The Founding and Growth of MiniMed
MiniMed emerged as a response to the need of millions of people with diabetes for a compact, reliable, and automated way to manage insulin delivery. The company was founded in 1983 by Alfred Mann in Northridge, California, and over several decades grew from the creator of the first miniaturized insulin pump into one of the leading developers of fully integrated diabetes management systems.
In its early years, MiniMed focused on a single goal – making an insulin pump compact and practical enough for everyday use. The result was the MiniMed 502 – the company's first breakthrough in device miniaturization and programmability. But the market demanded more: patients needed not just a pump, but a system capable of tracking glucose levels and making insulin delivery decisions on its own. This became a turning point – the company began developing continuous glucose monitoring (CGM) systems and automated closed-loop systems, bringing diabetes management closer to full autonomy.


In 2001, MiniMed was acquired by Medtronic – one of the world's largest medical device manufacturers with a current market capitalization of $124 billion. Within the corporation, the company gained access to global markets, large-scale R&D resources, and regulatory expertise. Successive product iterations – from early pumps to the MiniMed 780G with SmartGuard technology – enabled the company to build a unique "pump + sensor + algorithm" ecosystem under a single brand.
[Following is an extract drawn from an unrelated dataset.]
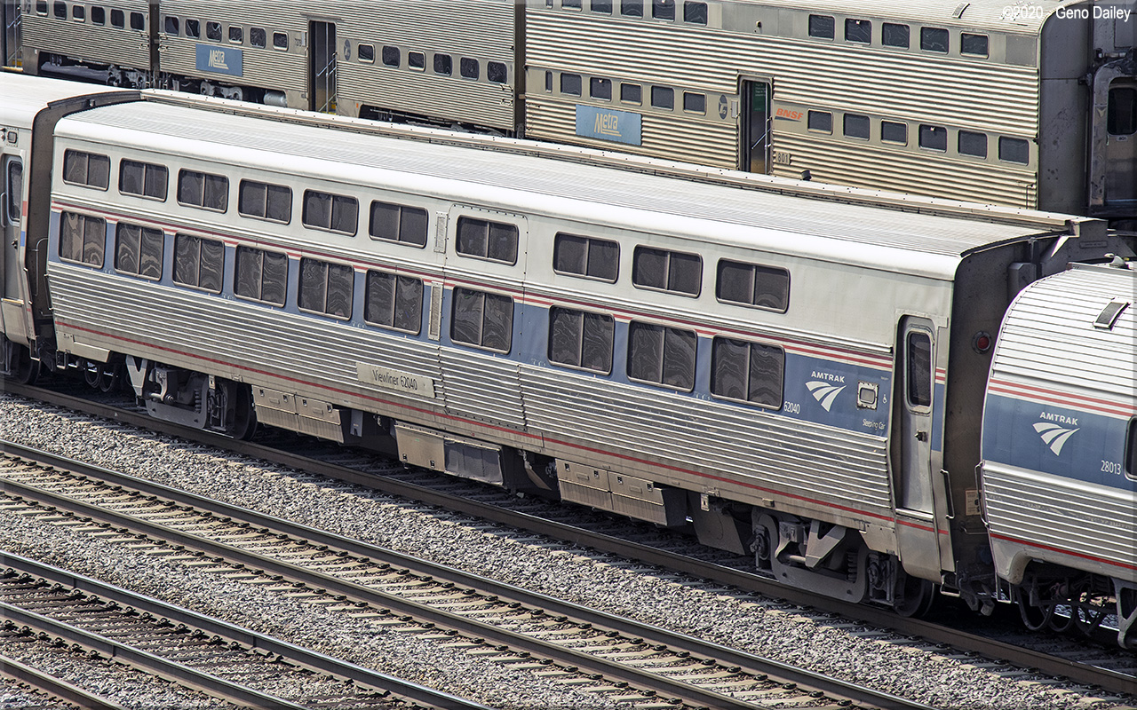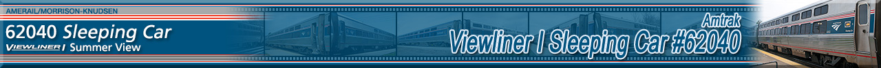 Built by Amerail in October 1996 as a single-level sleeping car originally named "Summer View" and numbered 62040. As seen in the above photo, in Phase VI paint, there is no name on the car any longer, being replaced simply with the word "Viewliner" and its car number. Historical information about this car provided by www.amtrakbythenumbers.com. |

Technological breakthroughs and a robust clinical evidence base became the key to growth – MiniMed learned not just to create devices, but to build closed-loop systems where each component reinforces the others. This allowed the company to scale the business to a level sufficient for an independent market entry.
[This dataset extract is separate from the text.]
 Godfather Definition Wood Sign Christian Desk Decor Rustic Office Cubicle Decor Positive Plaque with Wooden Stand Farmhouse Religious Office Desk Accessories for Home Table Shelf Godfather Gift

Today, MiniMed Group operates with a team of 8,000+ employees, generates annual revenue of $2.76 billion, and maintains a product lineup covering the full diabetes management cycle. The company is going public at a valuation of ~$7.9 billion to accelerate next-generation product development, expand its international presence, and strengthen its position as an independent public player in a market projected to reach $53 billion by 2035.
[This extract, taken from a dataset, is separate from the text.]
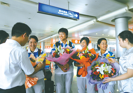 本報訊(記者龔哲明)昨日,我市6位奧運志愿者結束在北京24天的志愿服務,出色完成各項任務返回寧波。團市委、市志愿者協會負責人及志愿者的父母到機場迎接。

MiniMed is an example of how deep medical expertise, technology integration, and decades of clinical experience can transform a niche developer into a key player in the global diabetes technology market.
Frequently Asked Questions (FAQ)
— What is an IPO?
An IPO (Initial Public Offering) is when a private company lists its shares on a stock exchange for the first time to raise capital from investors. From that point onward, the company’s shares can be freely bought and sold on the open market.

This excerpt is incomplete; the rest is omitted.